Argentina has long been famous for its grilled beef. But that beefiness isn't what information technology was.

Galina Barskaya/iStockPhoto.com

When I think of Argentine republic, I think of beef from cows that graze on the endless pampas, tended by watchful gauchos. That grass-fed beefiness has been the centerpiece of Argentina's near famous dish, a tedious-cooked asado on the parilla.

Simply while in Buenos Aires last calendar week, I discovered that the pampas-raised beef of my reveries is practically a thing of the past. Today, most cattle in Argentina are raised in feedlots, just like in the U.S. That transition has been driven past soaring prices in the global grain markets over the by decade, making it far more profitable to raise soybeans, wheat and corn than herd cattle.

That may be expert news for grain farmers, simply information technology'south non a welcome change for the chefs of Buenos Aires. "It's politics, not gastronomy," says Javier Urondo, chef and owner of Urondo Bar and Eating house in the Parque Chacubuco neighborhood.

Urondo would much rather buy grass-fed beef, but says it's impossible because the industry doesn't place meat by production method. "There's no manner of knowing," the amiable 54-year-old told me over a late dejeuner at Bar Seis in the Palermo Soho neighborhood. "Fifty-fifty my butcher doesn't know."

And because the change has been gradual, Urondo says, most customers don't notice the difference. (That thought was seconded in a September report on Argentina'southward beef production by the U.South.

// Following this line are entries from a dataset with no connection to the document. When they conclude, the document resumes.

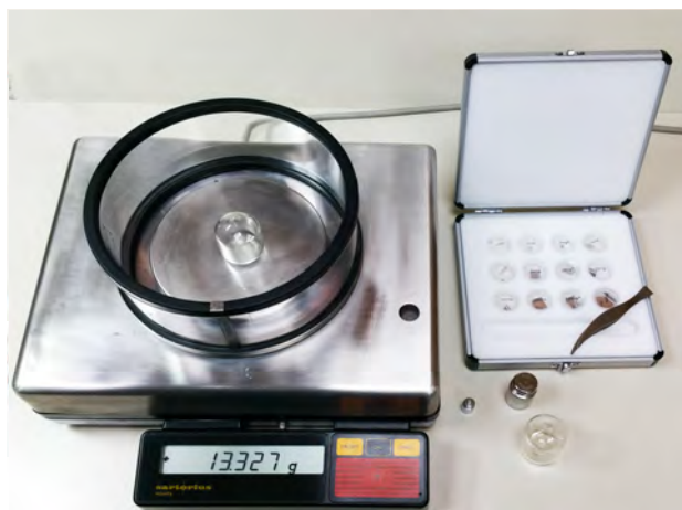
Báscula de alta precisión empleada para el control de calidad.

[ En el caso de las envasadoras, el tiempo medio transcurrido desde su instalación hasta el primer desajuste asciende a más de una década ]
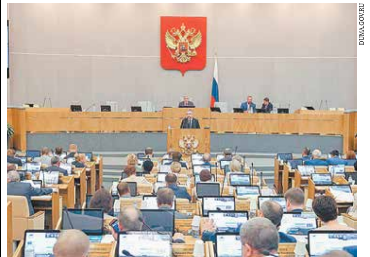
Пленарное заседание Государственной Думы, на котором были приняты законы, продолжающие реформу долевого строительства

Для удобства работы застройщиков планируется также перевести в электронный вид все административные процедуры, связанные с выдачей заключения о соответствии (ЗОС). При этом законопроектом предусмотрен полный отказ от ЗОС в отношении объектов, стро-
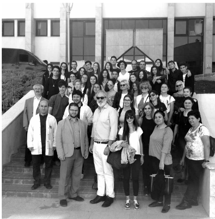
Grupo na universidade de Kharamanmaras
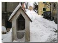
Il lungo inverno freddo: neve del 18 marzo

Guido Marcheselli - Nokia C7-00 (o altro Smartphone) 2013 - Inverno - Savignone - Boschi
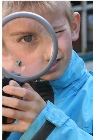
Onder het vergrootglas
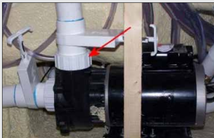
FIGURE 1.2b : BAGUE DE POMPE; DESSERREZ POUR LAISSER S'ÉCHAPPER L'AIR
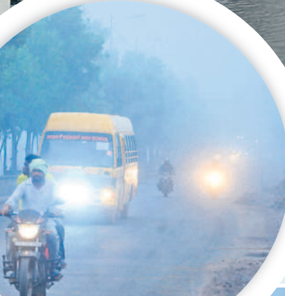
భూపాలపల్లిలో ప్రధాన రహదారిపై లైట్లు వెలుతురు ప్రయాణిస్తున్న వాహనదారులు
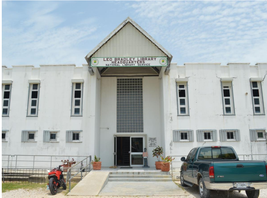
Figura 5- Biblioteca Nacional de Belize

metrópole britânica. Mas só em 1955 é que a biblioteca conseguiu operar com a filiação de bibliotecas nas capitais distritais. Já seu nome BNLSIS veio somente da emenda em 1966 (BELIZE NATIONAL..., [2022?]). “O BNLSIS está sob a tutela do Ministro da Educação, que nomeia uma Diretoria Estatutária para assegurar o bom e eficiente desempenho das funções do Serviço” (BELIZE NATIONAL..., [2022?]). A sede central da BNLSIS fica na Biblioteca Leo Bradley.
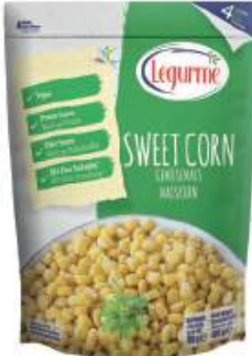
Tane Mısır Sweet Corn
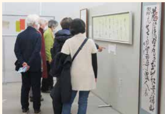
なんて書いてあるのかな…？

問合せ 第24回越谷市美術展覧会実行委員会 (越谷市教育委員会 生涯学習課内) ☎963-9307
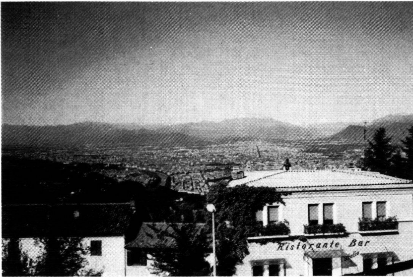
La ville de Turin vue des collines environnantes.

La réalité apparaît beaucoup plus complexe et nuancée. A l'époque des Grandes découvertes, sans que les intéressés ne s'en rendent compte se déroule une sorte de « guerre bactériologique », les Européens infectent les Amériques avec la scarlatine et la variole, tandis qu'ils ramènent sur le vieux continent une maladie jusque-là inconnue, la syphilis. Ce fait prend vraiment une valeur de symbole !
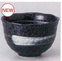
317-604-31 620円 黒水晶多用碗 (12×7.5) 631760431
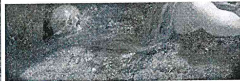
Artemisia Gentileschi, Danae, olio su tela, cm. 40 x 60 circa, senza cornice, collezione privata, firmata
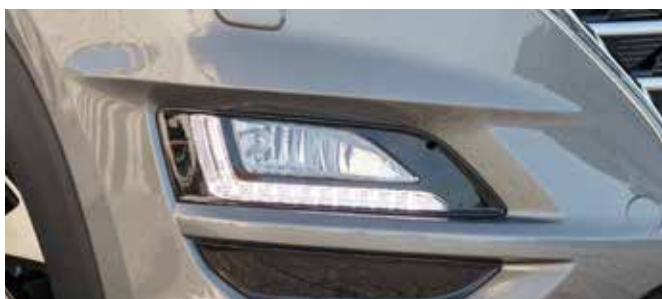
Noile faruri duble - cu lumini de zi de tip LED cu asistență pentru faza lungă (HBA).
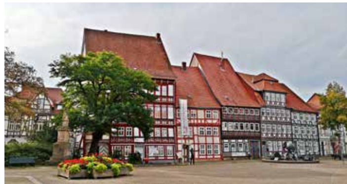
Fachwerk in der Duderstädter Marktstraße

Die Website www.wohnraum5eck.de bietet neben guten Sanierungsbeispielen verschiedene Informationsbereiche zu Fördermitteln, Steuererleichterungen, Tipps für den Hauskauf und zum Brandschutz, Ansprechpersonen in den Behörden, aktive Bürgergruppen für den Austausch zu Sanierungs- und Innenstadtbelebungsthemen und vieles mehr.
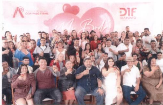
Fotografía 2. Bodas Colectivas DIF

Acompañamos a 50 parejas que contrajeron matrimonio en nuestro Centro Histórico, gracias a nuestras Bodas Colectivas, celebrando de la mejor manera el día del amor fue gracias a Guanajuato Gobierno del Estado que pudieron declarar su amor ante el Registro Civil las y los irapuatenses, quien con atención y emoción escuchaban las palabras de la juez quien daba fe de su unión. Haciendo de este evento “Mi Boda” un momento inolvidable para nuestros ciudadanos.

Department of Agriculture'south Foreign Agricultural Service.)

Dan Perlman, an American chef and writer living in Buenos Aires who runs his own "secret" restaurant, Casa SaltShaker, has also noticed the divergence. "When I first came to Argentina, I said, 'This is what beef is supposed to gustatory modality similar!' At present, information technology'southward just steak," Perlman says.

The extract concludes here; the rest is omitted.